↓

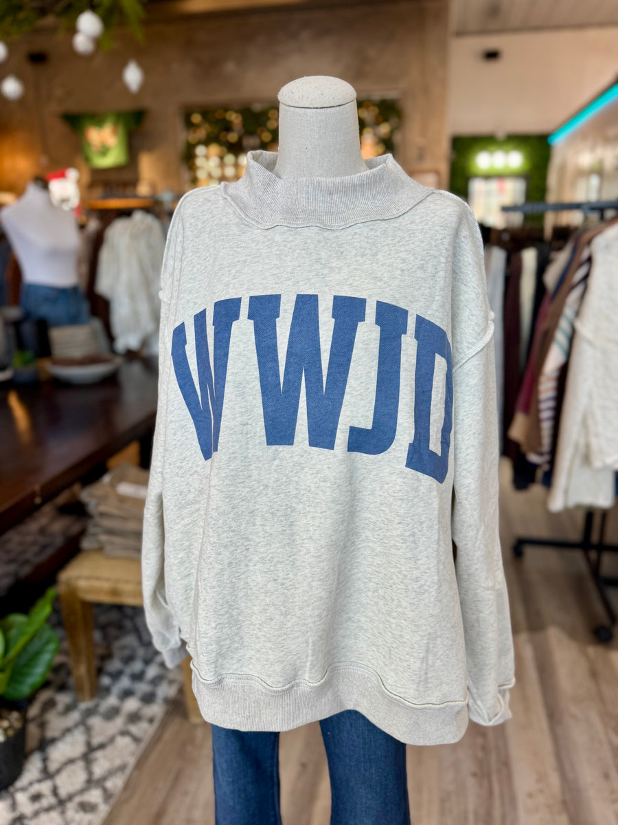Don't know what to do? Wear our Wwjd amen reversible mock neck sweatshirt and relax. With its loose fit and dual design, choose between WWJD or amen to express your faith.
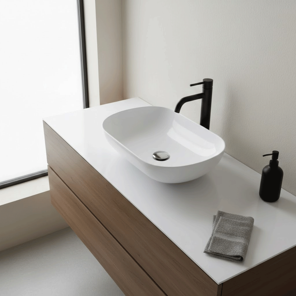 Aufsatzwaschbecken aus Gussmarmor der Marke STANO. Dieses Material zeichnet sich durch seine hohe Widerstandfähigkeit aus. Sein Seidenglanz verleiht ihm eine bemerkenswerte Eleganz. Modernes, minimalistisches Design.
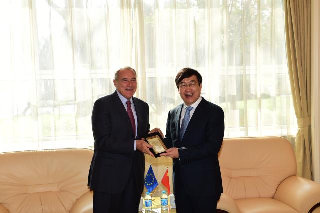 许校长在演讲前与参议长会晤,欢迎代表团访沪,并向参议长先生介绍了复旦与意大利高校的各种交流合作项目。其后参议长先生面向复旦师生演讲,题为“哪有市民社会,哪里就有法律——中意关于传统与未来的法律对话”。
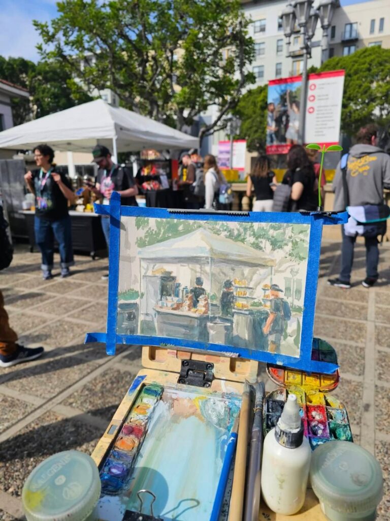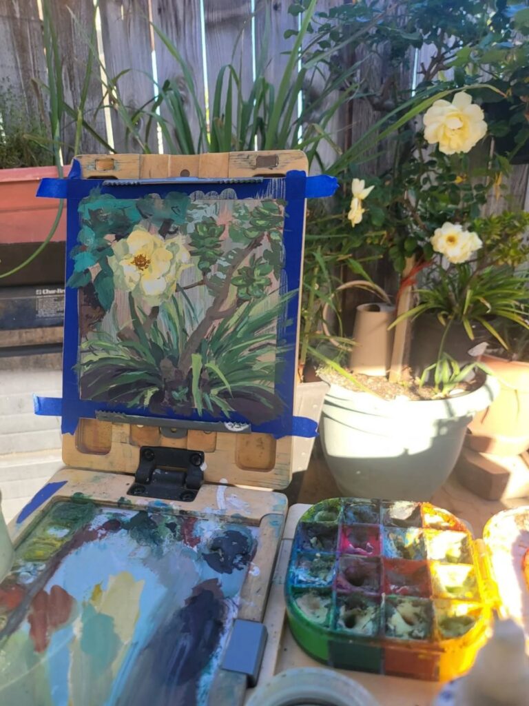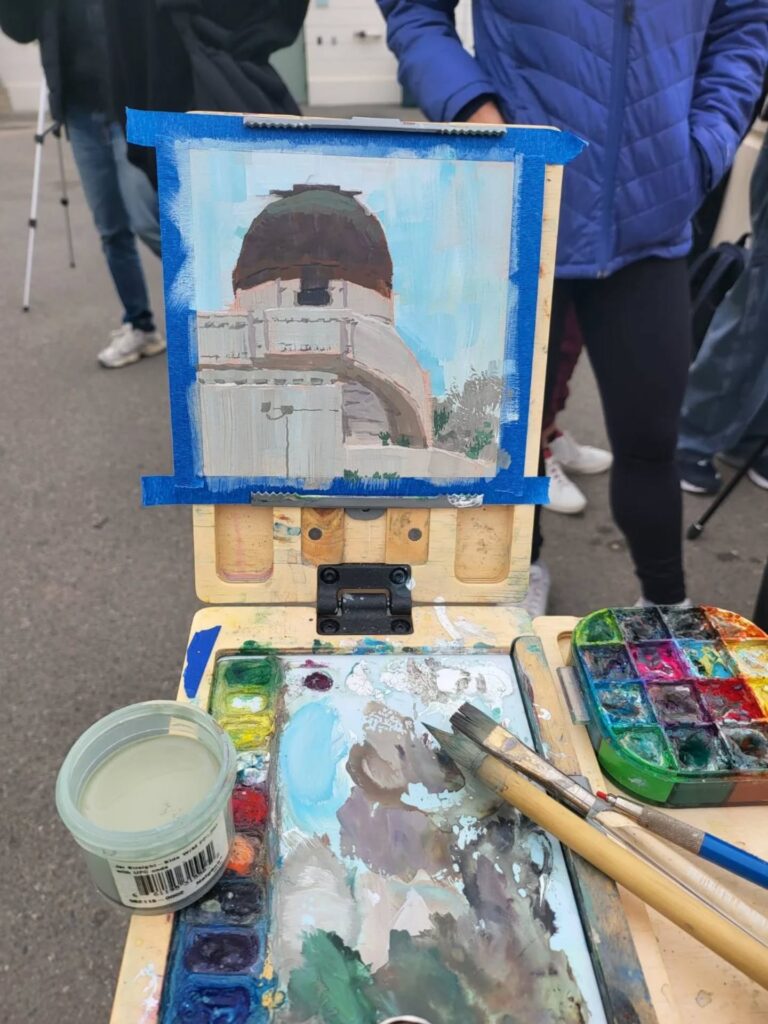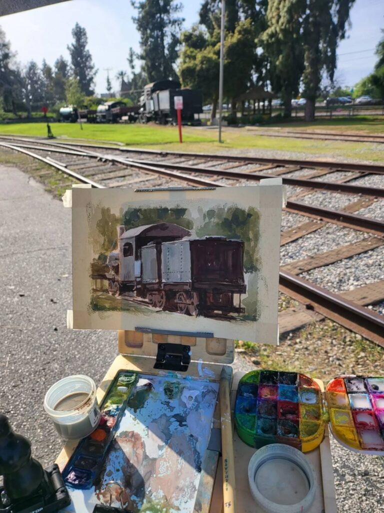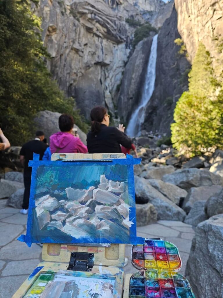 制作活動の深化と、自然や旅への探究心を満たすため、リデルは主にゴアッシュを用いたプレーンエア・ペインティング(屋外制作)を行っています。ゴアッシュは水彩に似ていますが、より不透明で扱いやすい特徴を持ちます。この1〜2時間ほどの集中した屋外制作は、彼の色彩感覚や雰囲気表現に強く影響しています。家族の集まりの後に散らかった器やカップ、静かな川面に映る空など、日常のあらゆる場所に潜む美を見つけることを大切にしています。
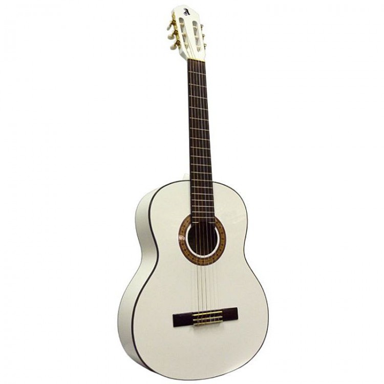 Alicante LAURA - 6-струнная полноразмерная классическая гитара. Верхняя дека из слоеной ели, корпус из слоеного розового дерева, гриф из красного дерева с накладкой из палисандра. Ширина верхнего порожка 52 мм, мензура 650 мм. Глянцевая отделка. Цвет белый.
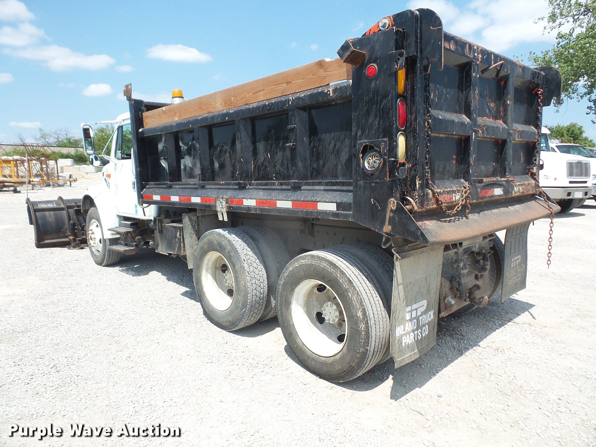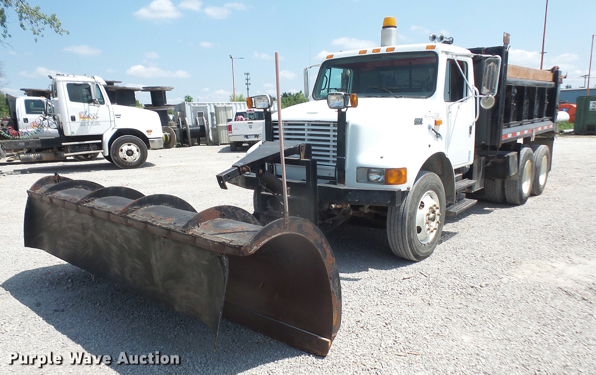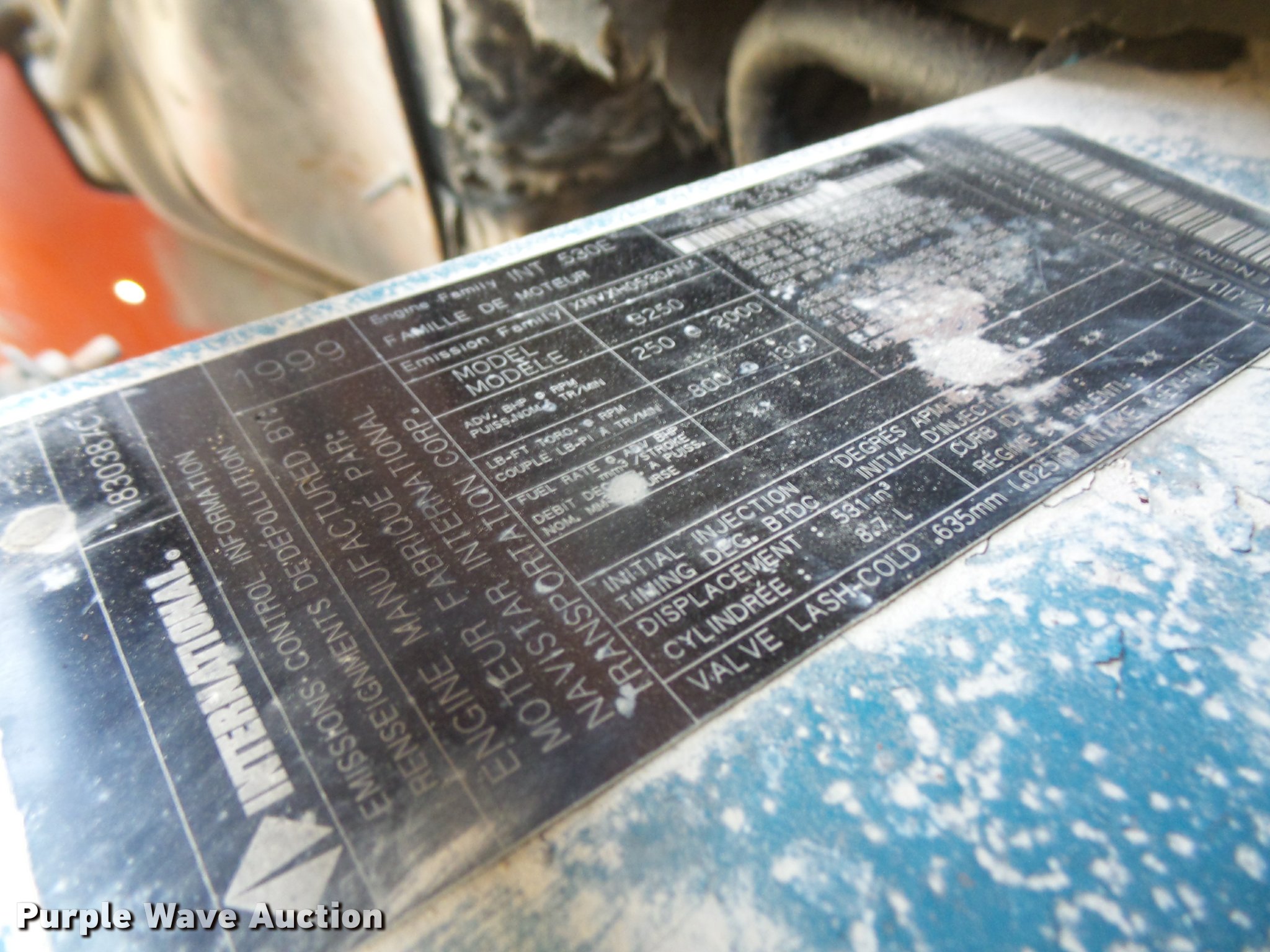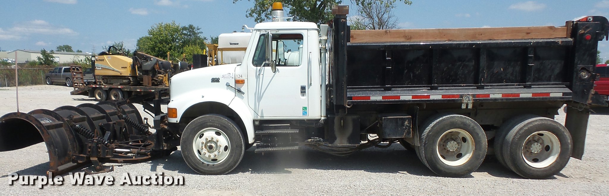 Purple Wave is selling a used Construction Dump Truck in Kansas. This item is a 1999 International 4900 dump truck with the following: 177,291 miles on odometer, 14,998 hours on meter, International DT530E 8.7L L6 turbo diesel engine, 250 HP, Automatic transmission, Tandem axle, Inter-axle differential lock, Heat, Cruise, AM/FM/weatherband, Air suspension seat, Front mounted PTO, 13'L x 96"W steel dump bed, 32" side height, 8" side board height, Single ram hoist, Manual operated end gate, Monroe 11'W snow plow, Dual fuel tanks, Pintle hitch, Spring over walking beam suspension, Air brakes, 176" wheelbase, 295/75R22.5 tires, GVWR 47,220 lbs, FAWR 13,220 lbs, IAWR 17,000 lbs, RAWR 17,000 lbs, Unit# 124
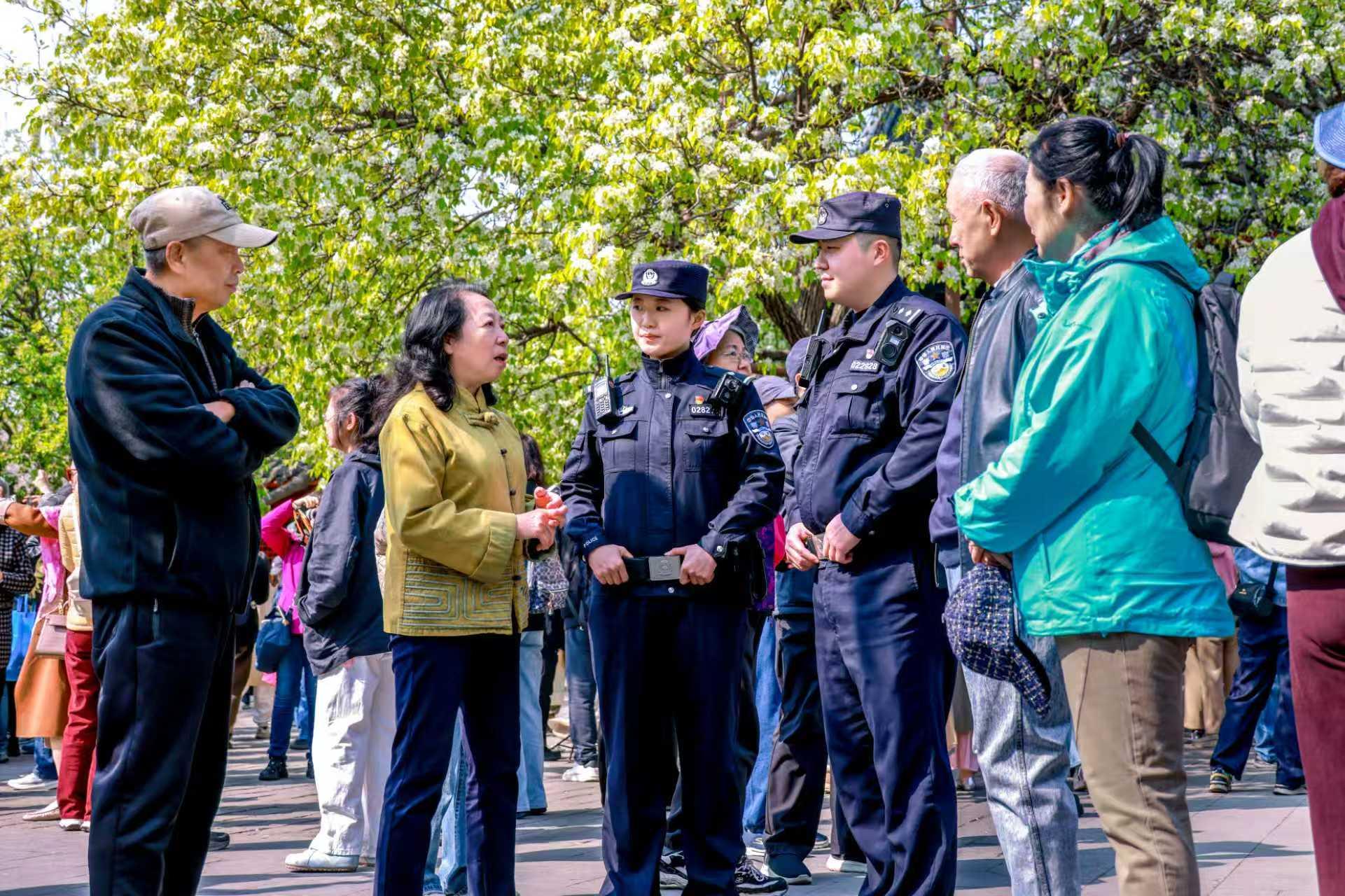 進(jìn)入春季賞花期,北京市東城區(qū)各大公園景點(diǎn)繁花盛放,吸引大批游客前來打卡。面對(duì)持續(xù)高位運(yùn)行的客流量,北京市公安局東城分局堅(jiān)持“遠(yuǎn)端疏導(dǎo)、近端分流”,優(yōu)化游覽線路,適時(shí)采取分段引導(dǎo)、循環(huán)通行等措施,確保游覽秩序平穩(wěn)有序。
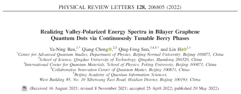 近日,理学院物理学科程强副教授与北京师范大学何林教授、任雅宁博士,北京大学的孙庆丰教授合作,在国际顶级期刊《Physical Review Letters》上发表了题为“Realizing Valley-Polarized Energy Spectra in Bilayer Graphene Quantum Dots via Continuously Tunable Berry Phases”的学术论文。程强与任雅宁为论文共同第一作者,何林和孙庆丰为论文通讯作者。这是我校首次在该物理学顶级期刊发表论文,实现了我校物理学科的历史性突破。该研究工作得到了国家自然科学基金委、国家重点研发计划、以及北京师范大学和北京大学的经费支持。
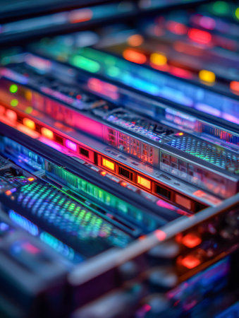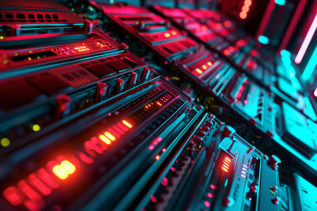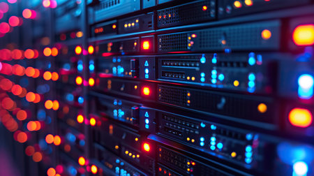 Sleek, high-tech server units glow with vivid led hues, creating an energetic, modern ambiance ideal for advanced digital infrastructure and cutting-edge innovation.
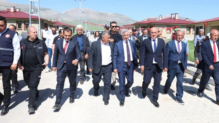 Ortaören Mahallesi'nde köy konutlarına kavuşan Şazenuş ve Şefika Ekici çiftini evlerinde ziyaret eden Vali Ünlüer, ailenin sevincine ortak oldu.
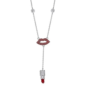Joy and Rachel Platinum Plated 925 Sterling Silver Round Red CZ Red Enamel Kiss Lip Stick Long Lariat Y Shaped Necklace
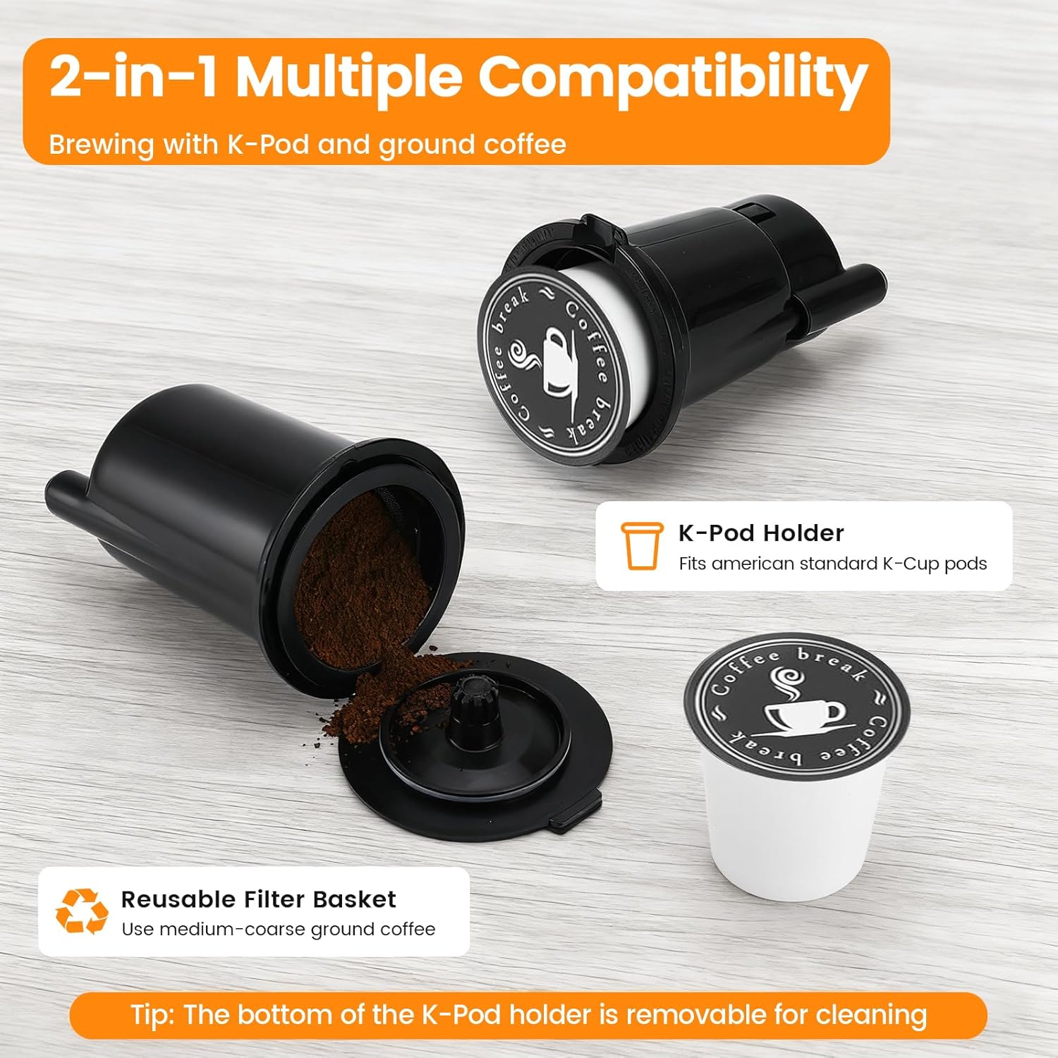 Dual Brewing Flexibility: Enjoy the best of both worlds with this coffee maker that seamlessly works with K-Cup pods and ground coffee. Perfect for quick single serve convenience or a richer, customizable brew

↑

(What to produce)
Begin at the top of the records above and retype each line exactly until the line containing "Alicante LAURA - 6-струнная", which is included. Skip all pictures.

(Exercise answer)
Don't know what to do? Wear our Wwjd amen reversible mock neck sweatshirt and relax. With its loose fit and dual design, choose between WWJD or amen to express your faith.
 Aufsatzwaschbecken aus Gussmarmor der Marke STANO. Dieses Material zeichnet sich durch seine hohe Widerstandfähigkeit aus. Sein Seidenglanz verleiht ihm eine bemerkenswerte Eleganz. Modernes, minimalistisches Design.
 许校长在演讲前与参议长会晤,欢迎代表团访沪,并向参议长先生介绍了复旦与意大利高校的各种交流合作项目。其后参议长先生面向复旦师生演讲,题为“哪有市民社会,哪里就有法律——中意关于传统与未来的法律对话”。
 制作活動の深化と、自然や旅への探究心を満たすため、リデルは主にゴアッシュを用いたプレーンエア・ペインティング(屋外制作)を行っています。ゴアッシュは水彩に似ていますが、より不透明で扱いやすい特徴を持ちます。この1〜2時間ほどの集中した屋外制作は、彼の色彩感覚や雰囲気表現に強く影響しています。家族の集まりの後に散らかった器やカップ、静かな川面に映る空など、日常のあらゆる場所に潜む美を見つけることを大切にしています。
 Alicante LAURA - 6-струнная полноразмерная классическая гитара. Верхняя дека из слоеной ели, корпус из слоеного розового дерева, гриф из красного дерева с накладкой из палисандра. Ширина верхнего порожка 52 мм, мензура 650 мм. Глянцевая отделка. Цвет белый.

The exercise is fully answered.